Advanced Trigger conditions using regular expressions

Christina Dechent
Christina Dechent
  • Updated

This article will cover more complex Trigger conditions. We'll lead you through an example scenario to demonstrate how trickier use cases can be solved by using regular expressions.

The Scenario

A business wishes to test the numbers their callers dial. They have various lines to serve a number of European countries. Their numbers for Germany and Austria begin with their respective country calling codes: 49 and 41.

Somewhere in their call flow, an IVR menu has been configured to allow callers to choose between two lines: "Press 1 for sales, or press 2 for support". The business has German-speaking teams for sales and support, and English-speaking teams to handle all other calls.    

The business therefore needs to make separate agent selections for the DE sales team, the DE support team, the EN sales team and the EN support team.

The agent selections can be achieved with one Trigger only. However, we must build both 'ANY' and 'AND' conditions into it, something which cannot be achieved solely via the user interface. For instance, have a look at the Trigger for the DE support team. We want the Trigger to fire if the caller dialed a phone number beginning with either 49 or 41, and pressed 2 in the menu.

Regular expressions (short RegEx) are rules which evaluate whether a string of numbers match the rule's conditions.
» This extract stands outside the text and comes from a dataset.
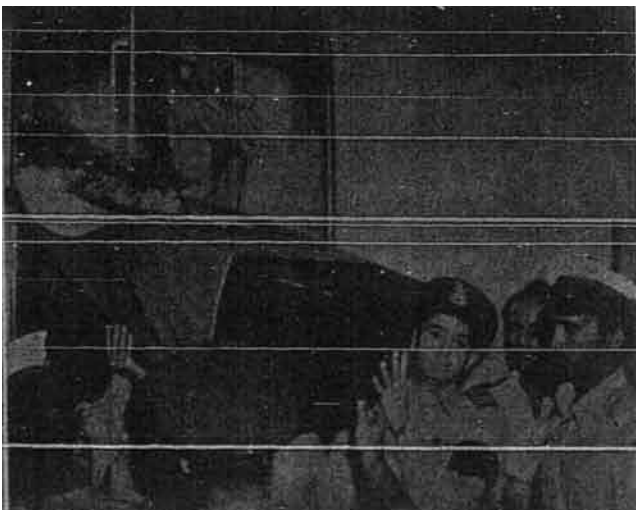
Jenazah almarhum itu telah dibawa dari Rawalpindi ke Karachi dengan kapal terbang pada subuh-subuh 17 Oktober.
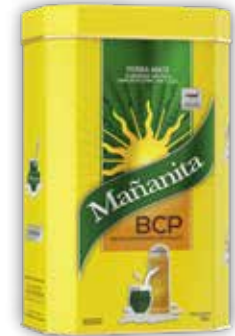
MAÑANITA LATA x500g

They offer the possibility to test multiple conditions at once. Let's take a look at what the above Trigger looks like in babelforce:

mceclip0.png

The bottom condition is simply testing the caller's dial pad input choice at the IVR menu. But what is that above it?!

^(49|41)[0-9]*$

Once we break the expression down, it looks less intimidating:

  • ^_______$ ...... These characters are merely formal. They mark the start and end of the string.
  • (49|41) ...... Since this bit comes first, this tests whether the string begins with 49 or 41. The "|" is a pipe function, which here essentially means "or".
  • [0-9]* ...... This part just checks if the string is made of the numerical characters 0 to 9, the asterisk allowing the string to be of any length.
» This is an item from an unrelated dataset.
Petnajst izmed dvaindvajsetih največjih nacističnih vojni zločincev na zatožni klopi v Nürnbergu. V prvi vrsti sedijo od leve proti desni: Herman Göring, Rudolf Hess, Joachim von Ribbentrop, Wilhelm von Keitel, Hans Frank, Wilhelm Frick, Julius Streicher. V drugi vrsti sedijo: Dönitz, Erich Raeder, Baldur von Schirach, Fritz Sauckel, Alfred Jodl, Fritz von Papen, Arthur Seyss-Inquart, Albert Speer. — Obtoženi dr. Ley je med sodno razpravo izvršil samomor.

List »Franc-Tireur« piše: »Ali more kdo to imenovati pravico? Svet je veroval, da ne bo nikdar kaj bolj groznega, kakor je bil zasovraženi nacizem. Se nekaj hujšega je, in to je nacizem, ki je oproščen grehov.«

According to the trigger above, a customer in Austria dialing 41123456789 and a customer dialing 49123456789 (provided they both press 2) will both pull the trigger for the DE support team.

The business will need the corresponding inverse Triggers as well, in order to achieve the same thing with the EN team selections. For the EN sales team, for example, they will require a Trigger which says "If the caller dialed a phone number not beginning with either 49 or 41, and pressed 1 in the menu, pull this Trigger."

In this case the regular expression uses a special operator at the beginning to test the prefix:

^(?!(49|41))[0-9]*$

If the 'To number' (i.e. number dialed) is a string of any length which does not begin with 49 or 41, it will match this regular expression. The Trigger for EN sales would therefore look like this:

mceclip0.png

Regular Expressions (RegEx)

Note that regular expressions like those above are very useful for other tests, too. You can imagine a scenario where you would like the Trigger to test whether the number dialed was one of multiple inbound numbers you operate:

^(49123456789|44123456789|33123456789)$

Also, you could test whether an IVR input - for example a customer reference number - is valid, by testing the first few characters and its length:

^(323)\d{6,8}$

where "\d{x,y}" will make the string match only if it is between x and y characters long.

You can test with your own regular expressions.